Security & Compliance
- Classify data (PII, PHI, Confidential) in Azure Purview; enforce column-level masking via dynamic views.
- Transport: TLS 1.2+ for all APIs; Storage: AES-256 at rest.
- Implement row-level access in mastered tables using RLS policies (PostgreSQL) or Unity Catalog (Databricks).
- Rotate credentials every 90 days; key vault backed variables only.
Data Governance
- Data steward per domain must approve schema changes via pull request.
- Change data contracts with semantic-versioning (vMAJOR.MINOR.PATCH); breaking changes require 30-day deprecation window.
- Maintain business glossary in Purview with linkage to table and column IDs.
Migration & Rollout
- Pilot → Phase 1 (single domain) → Phase 2 (multi-domain) → Enterprise adoption.

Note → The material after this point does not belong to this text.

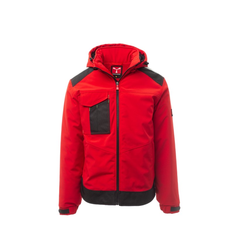 WP 8000 mm H₂O, WVT 5000 g/m² 24h Soft-shell rembourré pour homme, fermeture par zip avec curseur en métal à verrouillage semi-automatique et tirette personnalisée. Capuche amovible, avec coulisse réglable. Bande rétroréfléchissante sur les épaules. Poignets élastiques, réglables par velcro. Poche poitrine Lock System avec rabat et porte-stylos. Deux poches latérales fermées par zip. Deux poches intérieures dont une avec porte-tablette fermée par velcro et une profilée avec zip sur poitrine côté droit. Bas réglable avec stoppeurs personnalisés et passepoil réfléchissant sur le dos.

- Exit criteria for pilot: ≥95 % lineage captured, ≤2 % data error rate, stakeholder sign-off.
Common Pitfalls & Remedies
- Pitfall: Bulk upserts causing lock contention.
Remedy: Batch into 5 k records, use Postgres `INSERT … ON CONFLICT` with `NOWAIT`.
- Pitfall: Duplicate detection drifting over time.
Remedy: Schedule weekly re-training of ML match model; compare F1 score to baseline.
- Pitfall: Governance policies bypassed in ad-hoc queries.
Remedy: Block direct write access; all changes via governed pipelines.